** Opening Entries shown block **

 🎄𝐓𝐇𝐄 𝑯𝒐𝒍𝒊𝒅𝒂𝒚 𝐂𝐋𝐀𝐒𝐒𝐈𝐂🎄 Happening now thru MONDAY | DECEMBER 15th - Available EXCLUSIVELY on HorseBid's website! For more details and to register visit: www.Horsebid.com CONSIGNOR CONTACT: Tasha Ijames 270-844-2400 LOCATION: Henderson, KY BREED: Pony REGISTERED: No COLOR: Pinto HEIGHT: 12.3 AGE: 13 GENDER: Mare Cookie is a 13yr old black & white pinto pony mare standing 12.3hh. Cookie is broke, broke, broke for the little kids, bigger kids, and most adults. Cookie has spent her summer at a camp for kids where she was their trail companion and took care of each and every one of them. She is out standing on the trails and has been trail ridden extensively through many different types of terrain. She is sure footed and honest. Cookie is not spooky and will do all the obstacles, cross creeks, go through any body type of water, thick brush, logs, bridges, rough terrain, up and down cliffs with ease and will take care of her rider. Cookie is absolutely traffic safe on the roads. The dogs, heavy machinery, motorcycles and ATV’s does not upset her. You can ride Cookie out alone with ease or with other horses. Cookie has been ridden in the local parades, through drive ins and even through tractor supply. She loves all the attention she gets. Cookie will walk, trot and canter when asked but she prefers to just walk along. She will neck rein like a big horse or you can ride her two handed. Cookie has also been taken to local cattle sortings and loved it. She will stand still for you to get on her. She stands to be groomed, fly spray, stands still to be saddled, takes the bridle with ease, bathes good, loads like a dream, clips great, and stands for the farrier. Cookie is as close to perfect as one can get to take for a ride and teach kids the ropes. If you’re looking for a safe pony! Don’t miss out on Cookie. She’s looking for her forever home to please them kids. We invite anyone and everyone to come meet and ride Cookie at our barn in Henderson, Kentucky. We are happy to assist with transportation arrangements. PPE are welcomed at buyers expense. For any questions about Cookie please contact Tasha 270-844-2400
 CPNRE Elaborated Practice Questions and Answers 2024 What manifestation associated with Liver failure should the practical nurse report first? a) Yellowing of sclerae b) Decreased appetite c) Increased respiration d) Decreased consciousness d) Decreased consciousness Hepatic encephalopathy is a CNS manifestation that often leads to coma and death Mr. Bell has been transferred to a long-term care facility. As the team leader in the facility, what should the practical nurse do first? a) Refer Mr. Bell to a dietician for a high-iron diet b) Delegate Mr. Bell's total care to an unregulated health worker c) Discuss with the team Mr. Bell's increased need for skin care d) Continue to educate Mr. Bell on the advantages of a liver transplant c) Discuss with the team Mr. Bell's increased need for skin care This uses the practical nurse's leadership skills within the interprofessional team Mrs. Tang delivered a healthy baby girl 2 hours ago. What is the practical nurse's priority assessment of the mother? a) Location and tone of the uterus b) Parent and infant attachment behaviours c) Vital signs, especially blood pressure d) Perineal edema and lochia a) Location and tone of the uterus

** Closing Entries shown block **
** Opening Entries shown block **

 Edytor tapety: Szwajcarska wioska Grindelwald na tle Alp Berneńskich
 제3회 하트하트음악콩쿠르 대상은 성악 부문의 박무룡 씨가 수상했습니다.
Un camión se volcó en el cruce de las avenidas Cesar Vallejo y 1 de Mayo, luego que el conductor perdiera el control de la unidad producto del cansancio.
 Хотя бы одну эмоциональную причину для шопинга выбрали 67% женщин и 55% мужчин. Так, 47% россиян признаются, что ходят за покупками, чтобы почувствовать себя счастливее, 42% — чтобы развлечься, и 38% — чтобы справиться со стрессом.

** Closing Entries shown block **

→ **The task**: Please output the lines of the listing above that fall in the stretch from the one with "제3회 하트하트음악콩쿠르 대상은 성악 부문의 박무룡 씨가 수상했습니다." through the one with "Хотя бы одну", exactly and only those.

→ **Written reply**:
 제3회 하트하트음악콩쿠르 대상은 성악 부문의 박무룡 씨가 수상했습니다.
Un camión se volcó en el cruce de las avenidas Cesar Vallejo y 1 de Mayo, luego que el conductor perdiera el control de la unidad producto del cansancio.
 Хотя бы одну эмоциональную причину для шопинга выбрали 67% женщин и 55% мужчин. Так, 47% россиян признаются, что ходят за покупками, чтобы почувствовать себя счастливее, 42% — чтобы развлечься, и 38% — чтобы справиться со стрессом.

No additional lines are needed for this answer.